Fig. 27 A naive approach to exchange data over different subflows
Unfortunately, this simple approach suffers from several problems. First, it assumes that the client and the server use the same initial sequence numbers. On the client side, this might be feasible, but on the server side, this would prohibit the utilization of techniques such as SYN cookies that are important to protect from denial of service attacks. Another concern is that there will be gaps in the sequence numbers that are used over each path. These gaps might cause problems with middleboxes such as firewalls. The same problem applies for the acknowledgments. Although TCP supports selective acknowledgments RFC 2018, these were not designed to support a large number of gaps.

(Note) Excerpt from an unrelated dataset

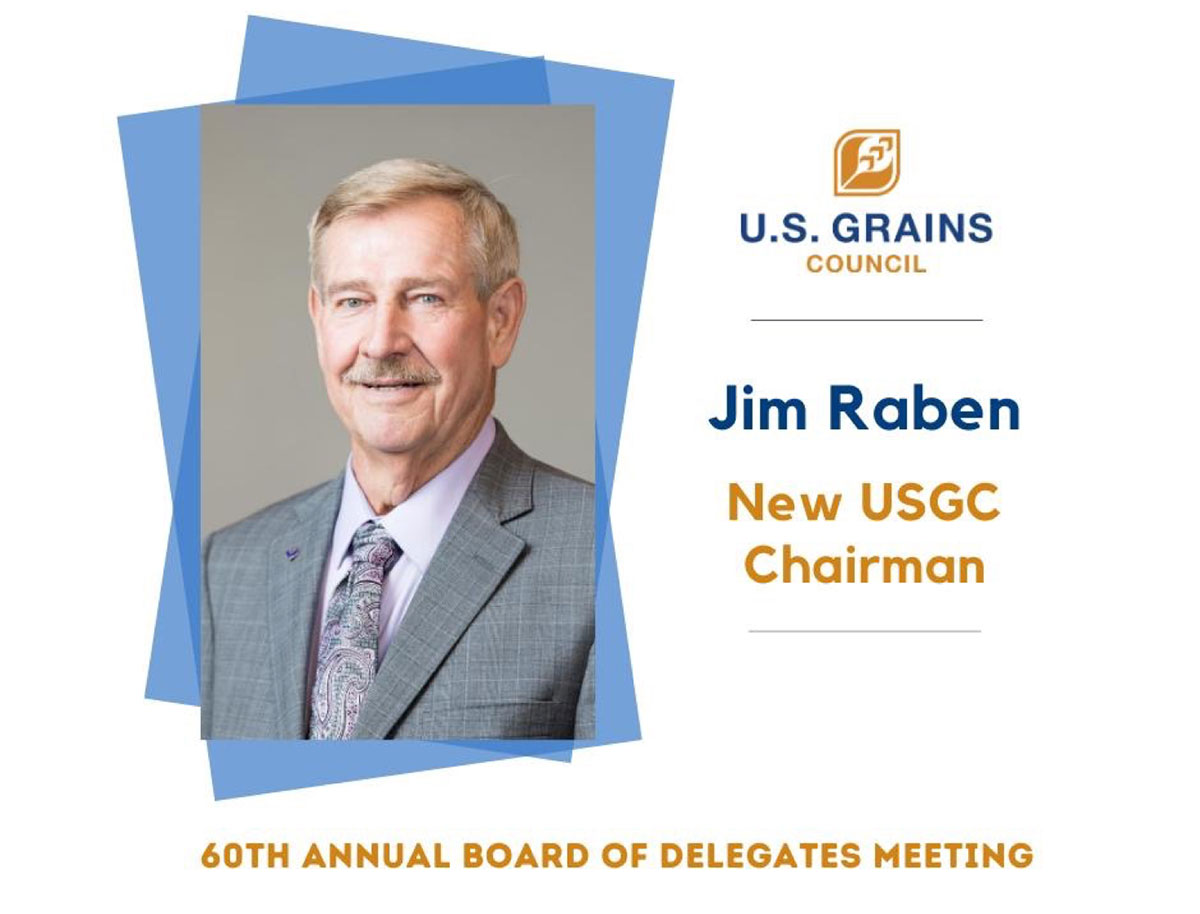 美國穀物協會(USGC)的理事代表在7/28週二舉行的第60屆年度代表會議上選舉了伊利諾伊州玉米市場協會代表吉姆·拉本(Jim Raben)為理事會主席。拉本以「建立關係,建立貿易」做為年度工作主題,他在致辭中說:「穀物協會全天候工作,並在全球範圍內尋找和擴大美國穀物產品的新需求。這就是為什麼我選擇主題的原因。我們在一起更加堅強,集體的聲音被聽到,我們可以共同努力實現我們的共同目標。」

Multipath TCP solves these problems by using a second level of sequence numbers that are encoded inside TCP options. Conceptually, Multipath TCP associates a data sequence number to the first byte of the payload of each TCP packet. Each Multipath TCP packet carries two different sequence numbers. The first is the sequence number that is included in the TCP header and is called the subflow sequence number. This sequence number plays the same role as in a regular TCP connection. It enables the receiver to reorder the received packets on a given subflow and detect losses. The data sequence number corresponds to the bytestream. It indicates the position of the first byte of the payload of the TCP packet in the bytestream. This data sequence number is used by the receiver to reorder the data received over different subflows and detect losses at this level. Multipath TCP also uses acknowledgments to confirm the reception of data. At the subflow level these are regular TCP acknowledgments (or selective acknowledgments if this extension is active). At the Multipath TCP connection level, the receiver always returns a data acknowledgment that contains the next expected in-sequence data sequence number. This is illustrated in Fig. 28.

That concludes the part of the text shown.